The OECD defines GDP as "an aggregate measure of production equal to the sum of the gross values added of all resident and institutional units engaged in production and services (plus any taxes, and minus any subsidies, on products not included in the value of their outputs)."[5] An IMF publication states that, "GDP measures the monetary value of final goods and services—that are bought by the final user—produced in a country in a given period of time (say a quarter or a year)."[6]
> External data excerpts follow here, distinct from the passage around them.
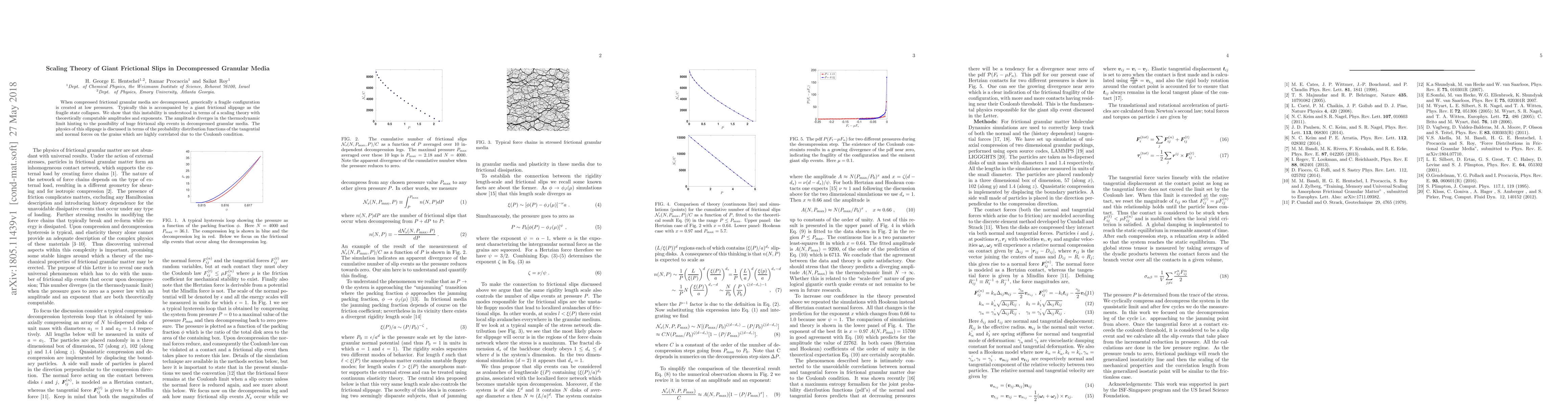 This paper presents a scaling theory explaining the phenomenon of giant frictional slips in decompressed granular media, showing that the instability is characterized by theoretically computable amplitudes and exponents, with the amplitude diverging in the thermodynamic limit, suggesting potential for significant frictional slip events. The study also discusses the physics through the correlated probability distribution functions of tangential and normal forces on grains.
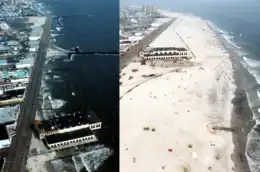 Since 1951, the beach has been replenished more than 40 times, potentially the most of any beach in the country. This is due to erosion caused by storms, and in an extreme instance of erosion, a $5 million replenishment project in 1982 had largely disappeared within two and a half months. During the 1960s and 1970s, the city owned its own dredge, but ceased replenishment projects when it could not secure permits for dredging the lagoons.[59] Since 1992, the United States Army Corps of Engineers has handled responsibility for beach nourishment projects, periodically adding 1,100,000 cubic yards (840,000 m3), roughly every three years, using the shoal area about 5,000 feet (1,500 m) offshore the Great Egg Harbor Inlet. The project and funding was authorized in the Water Resources Development Act of 1986,[54] and the most recent replenishment was completed in December 2017.[60] After Hurricane Sandy in 2012, the Army Corps completed the city's largest beach replenishment since 1993, adding 1,800,000 cubic yards (1,400,000 m3) of sand to replenish the eroded beaches.[54]
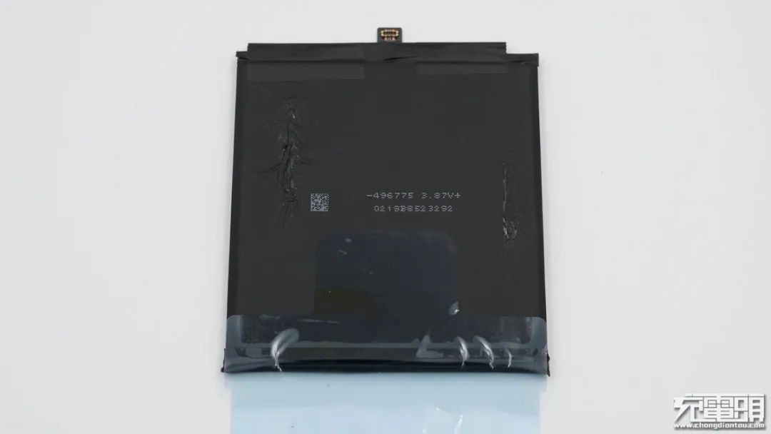 电池和主板之间为插座可拆卸设计,组装方便,也方便后面对电池进行更换等服务,同时电池保护板背面与铝合金中框之间还有一条导热硅胶,在高速充电时可为保护板散热,降低温升。

Total GDP can also be broken down into the contribution of each industry or sector of the economy.[7] The ratio of GDP to the total population of the region is the per capita GDP and the same is called Mean Standard of Living. GDP is considered the "world's most powerful statistical indicator of national development and progress".[8]

History

William Petty came up with a basic concept of GDP to attack landlords against unfair taxation during warfare between the Dutch and the English between 1654 and 1676.[9] Charles Davenant developed the method further in 1695.[10] The modern concept of GDP was first developed by Simon Kuznets for a US Congress report in 1934.[11] In this report, Kuznets warned against its use as a measure of welfare[1] (see below under limitations and criticisms). After the Bretton Woods conference in 1944, GDP became the main tool for measuring a country's economy.[12] At that time gross national product (GNP) was the preferred estimate, which differed from GDP in that it measured production by a country's citizens at home and abroad rather than its 'resident institutional units' (see OECD definition above). The switch from GNP to GDP in the US was in 1991, trailing behind most other nations. The role that measurements of GDP played in World War II was crucial to the subsequent political acceptance of GDP values as indicators of national development and progress.[13] A crucial role was played here by the US Department of Commerce under Milton Gilbert where ideas from Kuznets were embedded into governmental institutions.

The history of the concept of GDP should be distinguished from the history of changes in ways of estimating it. The value added by firms is relatively easy to calculate from their accounts, but the value added by the public sector, by financial industries, and by intangible asset creation is more complex. These activities are increasingly important in developed economies, and the international conventions governing their estimation and their inclusion or exclusion in GDP regularly change in an attempt to keep up with industrial advances. In the words of one academic economist "The actual number for GDP is therefore the product of a vast patchwork of statistics and a complicated set of processes carried out on the raw data to fit them to the conceptual framework."[14]